Closed shaunlebron closed 9 years ago
Please take a look at this.
Hey @shaunlebron,
Thanks for sending the pull request. I tried using it, there seems to be an encoding issue here though: The character ’
converts to â
. Can you please take a look?
Couldn't recreate the problem. I pasted that character into the body of a ghost blog post. Buster spit out a file that preserved the character.
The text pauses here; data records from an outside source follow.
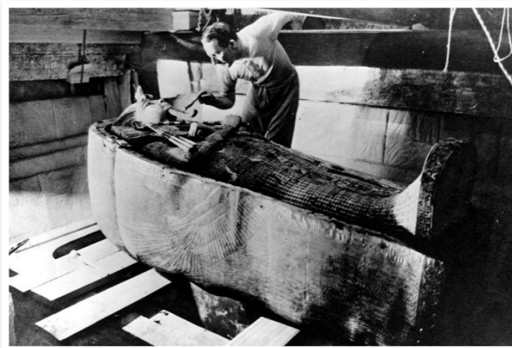
Howard Carter examining the tomb of Tutankhamun

A wealthy Englishman, Lord Carnarvon, was interested in ancient Egypt. He paid for an archaeologist called Howard Carter and a team of workers to carry out excavations in the Valley of the Kings on the west bank of the Nile, where they discovered Tutankhamun's tomb. It took Carter and his team 10 years to remove over 3000 items from the tomb. After the discovery, a series of strange events occurred, including the death of Lord Carnarvon. Many people believed a curse had been placed on Carter's team for disturbing the tomb.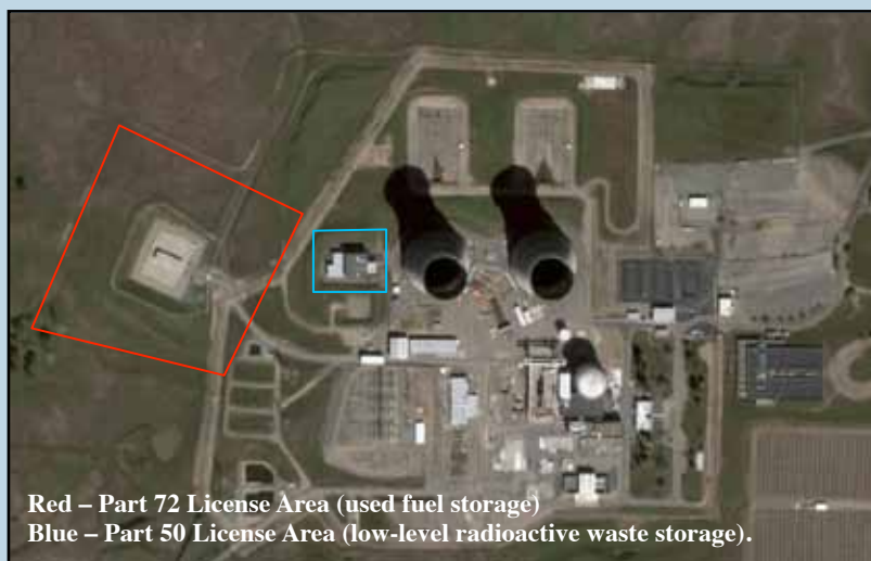
Red - Part 72 License Area (used fuel storage) Blue - Part 50 License Area (low-level radioactive waste storage).

The approximate gross cost of Rancho Seco's decommissioning was $498.8 million, which included all dismantlement and decontamination costs, as well as the cost of construction of the ISFSI, and transfer of used nuclear fuel and GTCC waste into the ISFSI for storage.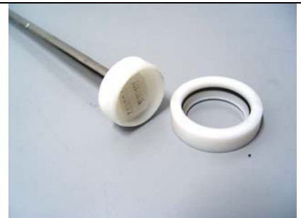
Ointment and Suppository rotary Cell # 303-1015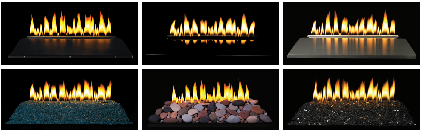
Top Row left to right: No Decorative Options, Polished Black Decorative Top, Brushed Stainless Steel Decorative Top. Bottom Row left to right: Blue Clear Decorative Glass, Medium Decorative Rocks and Accent Pebbles, Polished Black Decorative Glass. (Clear Frost Decorative Glass shown on opposite page)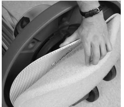
Flexible pad driver with full face pad grip contours to uneven floors.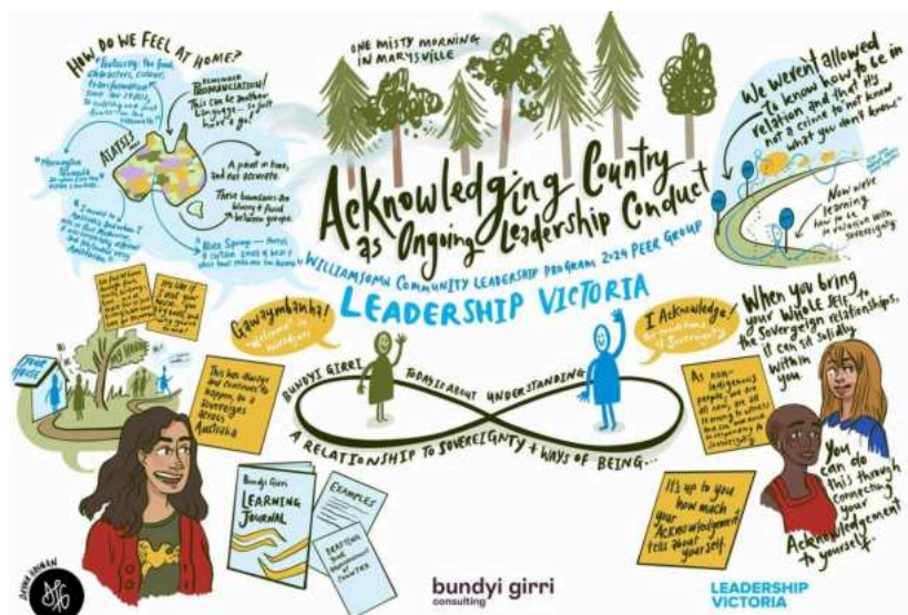
A visual representation of the the 2024 WCLP Bundyi Girri Workshop.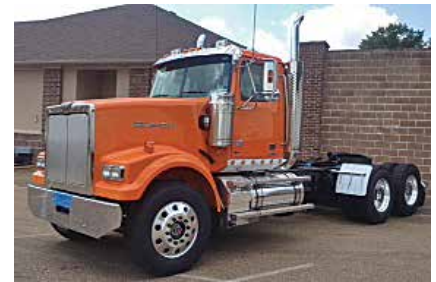
2013 Western Star 4900 , Detroit DD15, 505 HP, 10 Spd, Air Ride Suspension, 3.90 Ratio, 220" Wheelbase, 24.5 Tires, Aluminum Front Wheels, Aluminum Rear Wheels. New. (DPFA5975-TXK-2)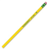
No. 2 Pencil Quantity: 1 box Just for end of year exams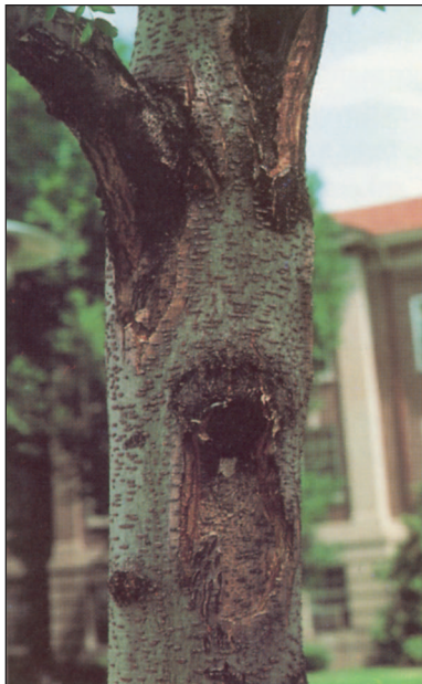
Three distinct cankers appear as sunken, depressed areas on the trunk of this honeylocust.

Until the early 1980s, honeylocusts appeared remarkably free of pathogenic diseases. However, an increasing number of honeylocust trees in Wisconsin and adjoining states have developed severe cankers.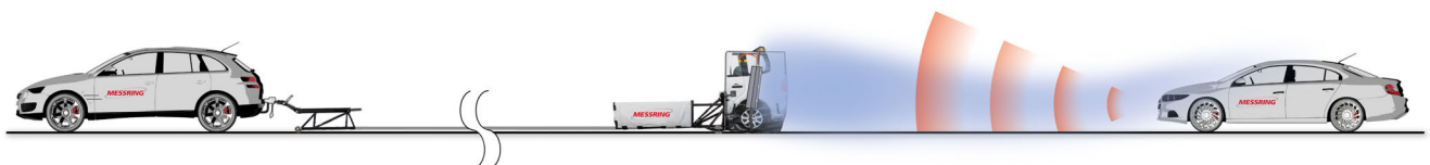
Fig. 2: Test situation: SprayMaker assembled on common vehicle target (Euro NCAP vehicle)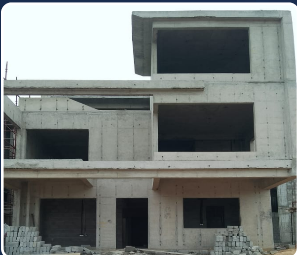
VILLA-144 (Structure Completed)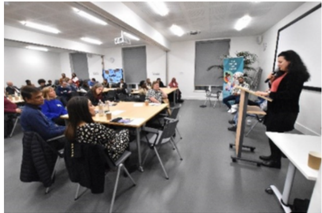
Figure 3 - Building Equal Foundations event, organised by the Equalities team at Camden Council, at the Greenwood Centre, February 2023

We were also so proud to be chosen to be the incoming Mayor of Camden's Charity of the Year, in May, for the 2023/24 year of Mayor Councillor Nazma Rahman.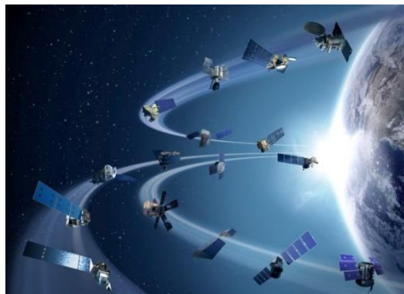
Figure 1.1: the space orbit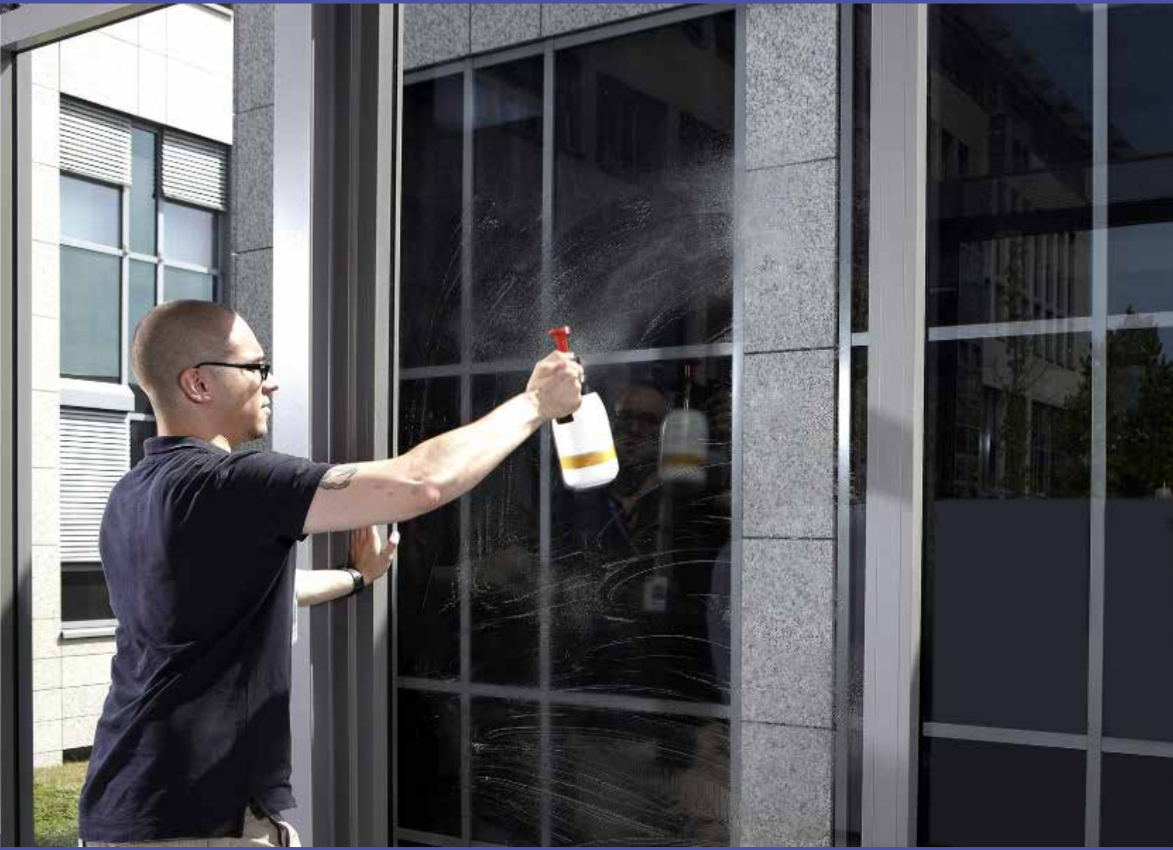
Making a perfect wet application of 3M™ Scotchcal™ Clear View Graphic Film 8150 | Step 3: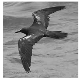
Brown Noddy, 23 June 2017, Baldwin Co., AL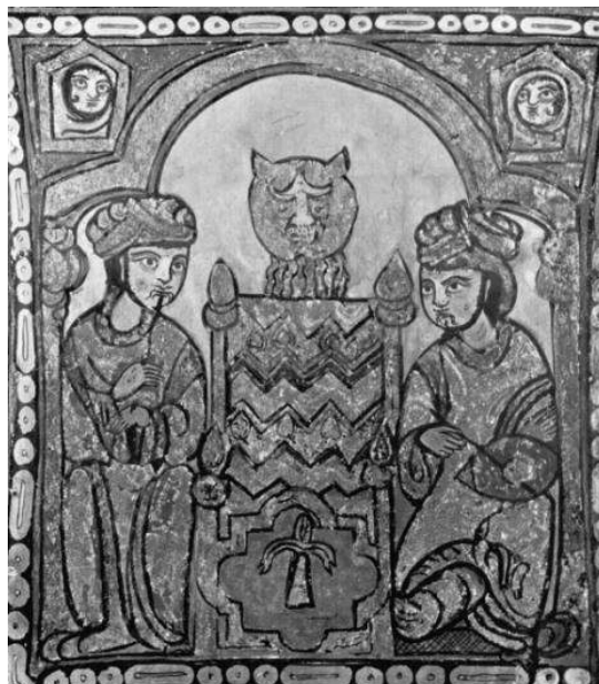
Fig. 7 - Palermo, The Cappella Palatina , panel of the wooden ceiling depicting two musicians in front of a fountain (ca. 1143; after Brenk 2010, Atlante / Atlas , II, fig. 832).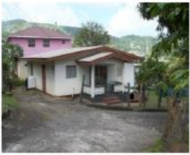
H350 Primus House New Montrose 3 bed / 2 bath EC $275,000.00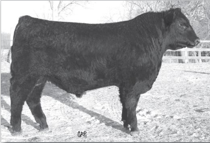
LOT 68 - BROOKMORE NEUTRON 239Y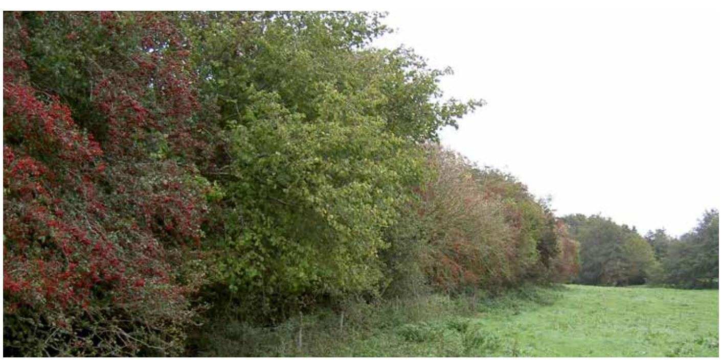
Berry-rich mature hedgerow at Radford Mill Farm, near Bath

Wild birds and certain woodland animals and plants are protected under Part I of this Act. It requires you to carefully assess the impacts of tree work on wildlife, and ensure animals listed in the Act's schedules are not harmed or killed and that their nests or habitat are not damaged or destroyed.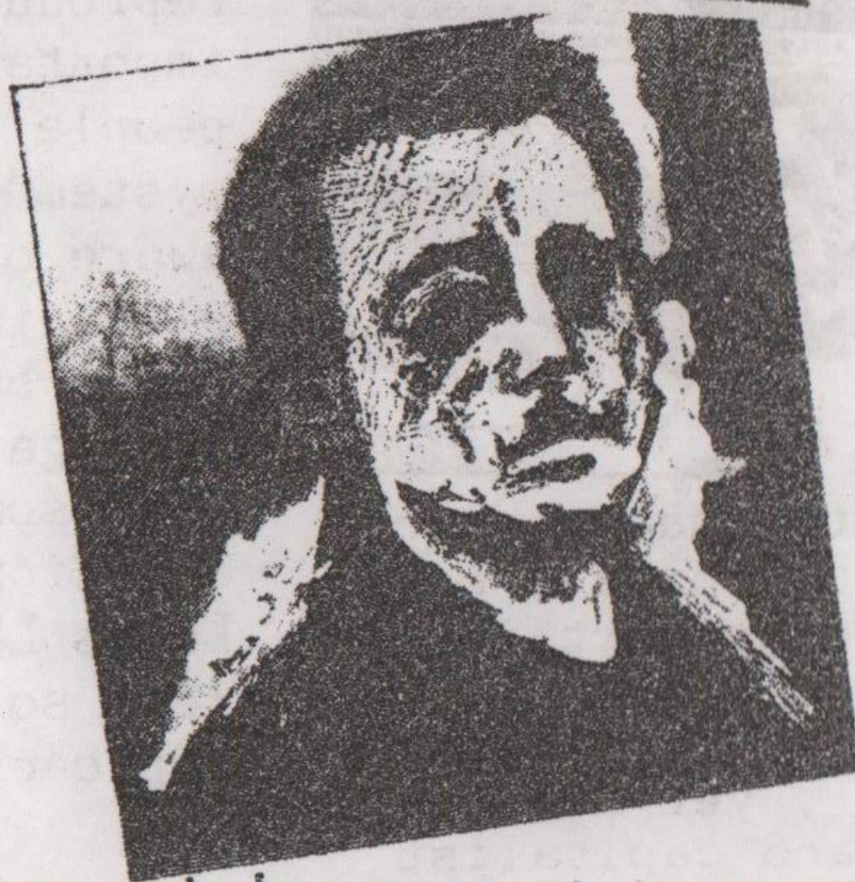
A PICTURE OF PETER TATCHELL.

FOR ANARCHIST BOOKS, MAGS, T-SHIRTS, POSTERS, SQUATTING ADVICE - the 121 CENTRE, 121 RAILTON RD, BRIXTON, LONDON SE24. tel 071 2746655. open Wed/Thurs/Sat 1-5, Friday 2-5, Sunday 3-5.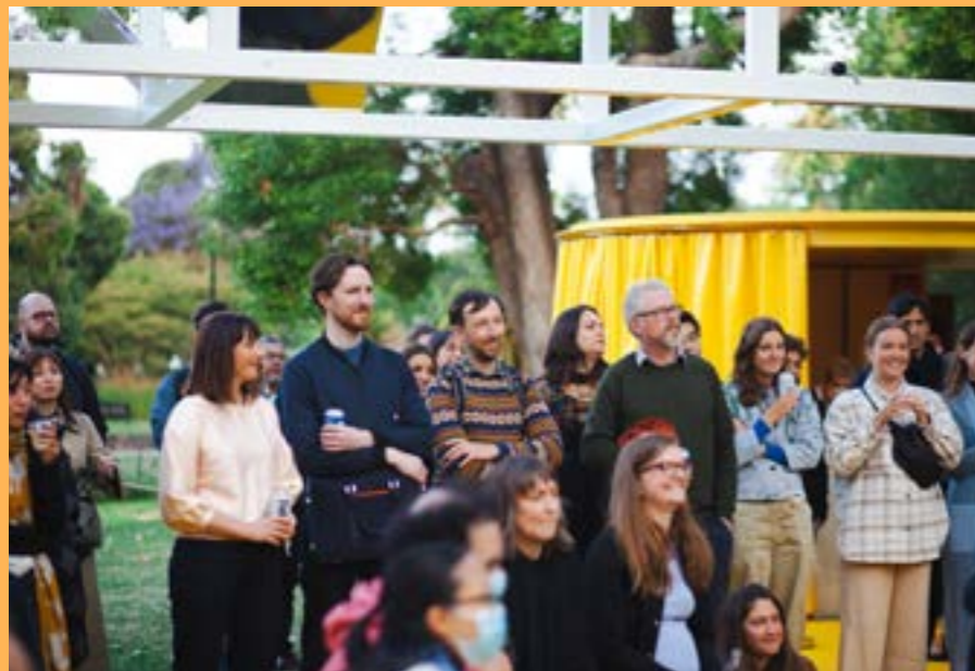
MPavilion - What Cities Need Now December 2021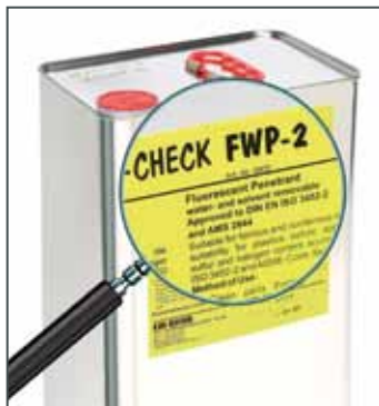
Fluorescent penetrant according to EN ISO 3452 und AMS 2644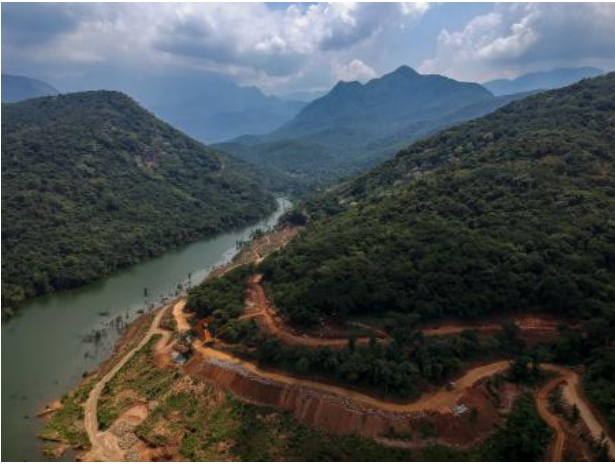
From the project 'Great Sandy River', 2020 Digital Photography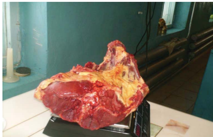
Figure 3. HCV Distribution by Genotype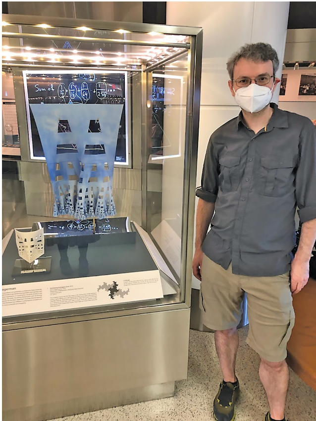
Figure 3. A Sierpiński curve development, with maker Henry Segerman.

must be treated as art objects. No computer displays or videos. Posters were possible, but discouraged. Everything's behind glass for a year, so no motorized mechanisms. Nicole broadened her view of what the exhibit might represent.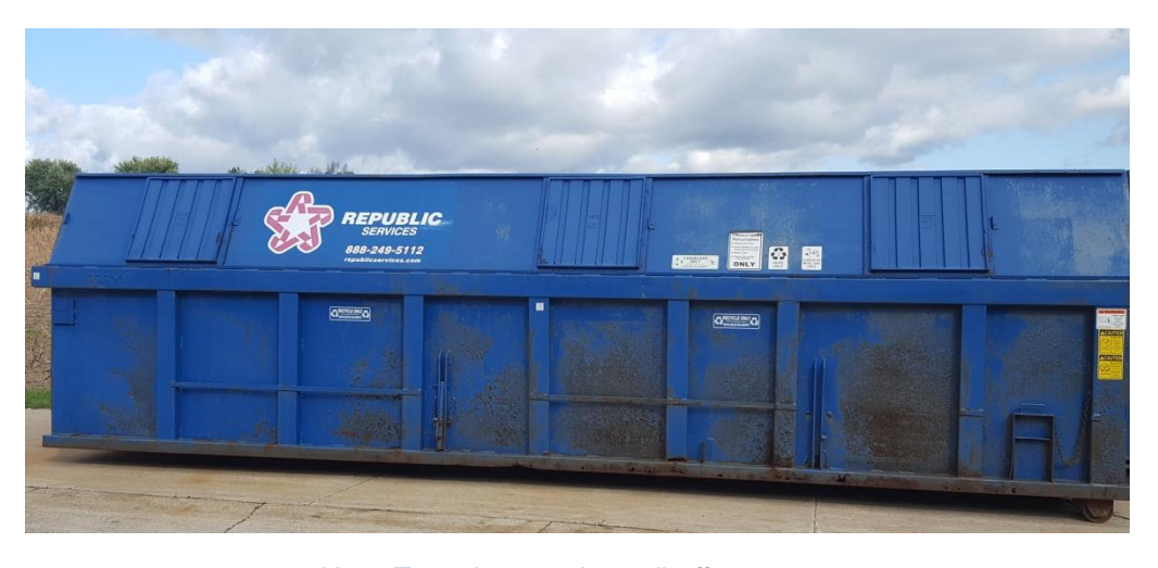
Hope Township recycling roll-off container.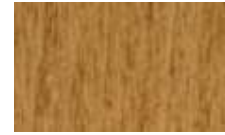
08. Raw (Cut) Beech

I'm on a Mac with Python 2.7.3. You?
I'm using Python 2.7.6 on Mac. The character was in the heading in my case but I don't think that would make a difference.
I tried the following:
In [1]: from pyquery import PyQuery
In [2]: text = '’'
In [3]: print text
’
In [4]: d = PyQuery(text, parser='html')
In [5]: d
Out[5]: [<p>]
In [6]: print d.__unicode__().encode('utf8')
<p>â</p>
In [7]: d.__unicode__().encode('utf8')
Out[7]: '<p>\xc3\xa2\xc2\x80\xc2\x99</p>'
Am I missing something?
filetext = f.read().decode('utf8')
should fix this I think. Let me check and get back.
Strange. My repl produced the same results.
Maybe we have different wget versions which produce differently encoded html files.
Your decode solution worked for me though:
>>> text = "I’m going crazy"
>>> d = PyQuery(text, parser='html')
>>> print d.__unicode__().encode('utf8')
Iâm going crazy
>>> text = "I’m going crazy".decode('utf8')
>>> d = PyQuery(text, parser='html')
>>> print d.__unicode__().encode('utf8')
I’m going crazy
added decode fix to this pull request
Thanks! I have a feeling this might break with the wget version you were using. (I'm assuming your wget returns a UTF encoded file as it didn't break the apostrophe last time, I might be wrong here)
In [2]: text = u'’'
In [3]: d = PyQuery(text, parser='html')
In [4]: d.__unicode__().encode('utf8')
Out[4]: '<p>\xe2\x80\x99</p>'
In [5]: print d.__unicode__().encode('utf8')
<p>’</p>
In [6]: text.decode('utf8')
---------------------------------------------------------------------------
UnicodeEncodeError Traceback (most recent call last)
<ipython-input-6-57d99c085dcd> in <module>()
----> 1 text.decode('utf8')
Can you please try if buster is working in your case? If it's not, we should add a check for decoding only if the filetext is of type str.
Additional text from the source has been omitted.